After the initial sign-in you should start with registering your FIDO2 key as your next step.

Next, we will check the audit logs and properties of the users…

Azure AD’s sign-in logs shows the initial authentication with “Temporary Access Pass” to the “Microsoft Authentication Broker”:

Audit logs of Azure AD gives you an overview about the various steps of the security key registration process:

Note: As already described by Microsoft and mentioned in this blog post, I’ve seen no activity or changes in “Azure AD Connect” or “Active Directory” during the registration process.

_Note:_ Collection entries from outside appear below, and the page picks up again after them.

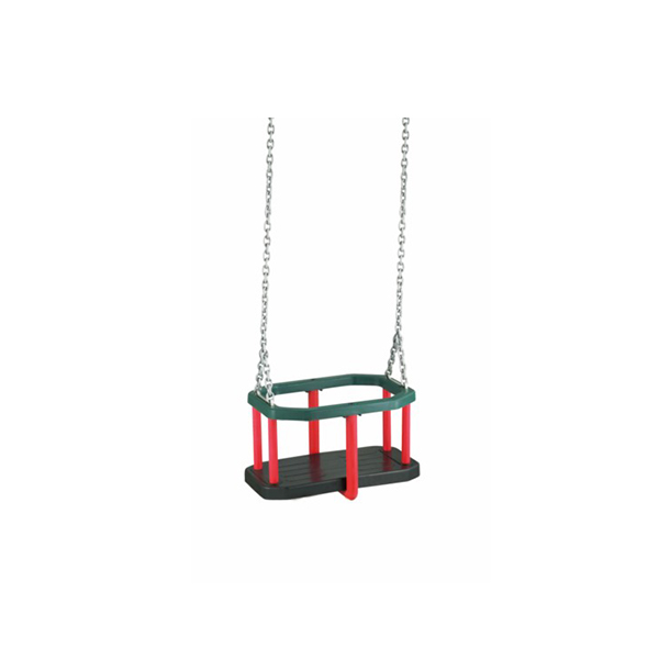 Rubber baby swing 43x29x23cm, HDG chain 5mm, length 1.8m. WARNING! This product is fit for use in commercial playgrounds, both indoor and outdoor. The use of the item is allowed only under continuous supervision by an adult. The product are not suitable for children under 3 years.This product is suitable for individuals weighing up to 50 kg.
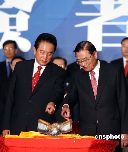 十一月四日,海協(xié)會(huì)與;鶗(huì)在臺(tái)北圓山飯店舉行歷史性的會(huì)談后,兩會(huì)領(lǐng)導(dǎo)人陳云林與江丙坤下午兩點(diǎn)舉行兩會(huì)簽署協(xié)議儀式,簽署包括空運(yùn)、海運(yùn)直航、通郵,以及食品安全等四項(xiàng)協(xié)議。圖為簽署協(xié)議后陳云林贈(zèng)送江丙坤一尊握手形象的雕塑。中新社發(fā) 洪少葵 攝
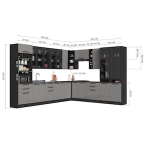 Produzida em MDP de alta qualidade, esta versão se destaca pelos detalhes em vidro fumê, pintura UV perolizada na cor Titânio, rodapés em todos os módulos, dobradiças com slow motion, corrediças telescópicas e pés com regulagem. Uma composição completa para transformar seu ambiente.
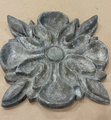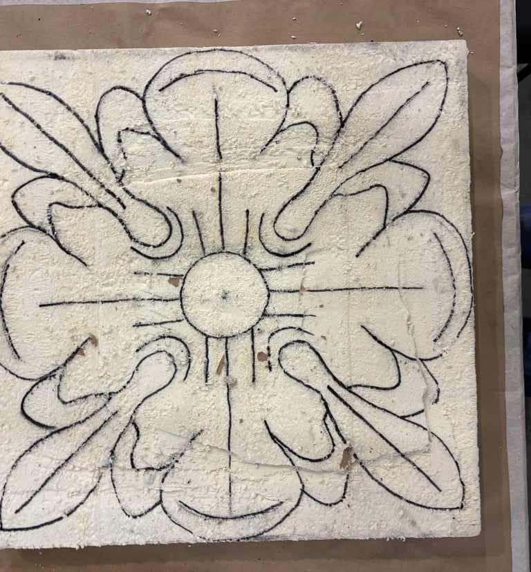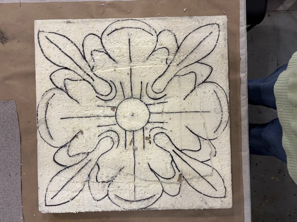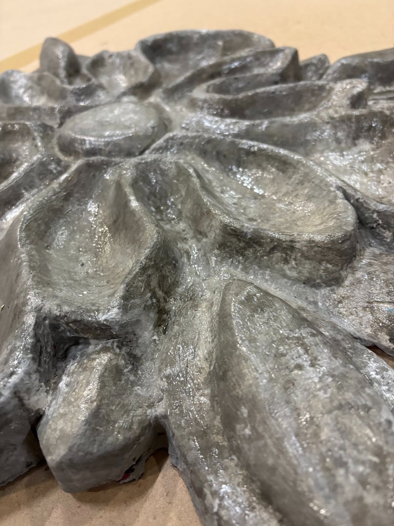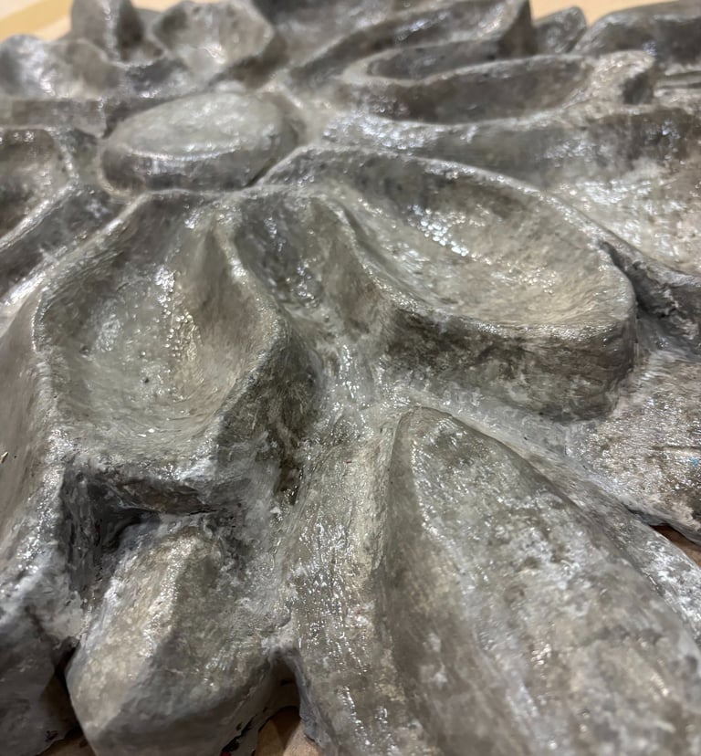 Carved foam, pvc pipe, elastomeric sealant, ground coconut fiber paste, recycled drop ceiling tile, paint faux finish

Sign-in on Windows 10 device

Now it’s time to sign-in with the provisioned FIDO2 keys on the Windows 10 device. Choose “FIDO security key” in the “Sign-in options” on the login screen. After entering the PIN of the security key, the login should be successful.

Note: A list of collected or related data to troubleshoot FIDO2 key issues on Windows Clients are already documented on Microsoft Docs.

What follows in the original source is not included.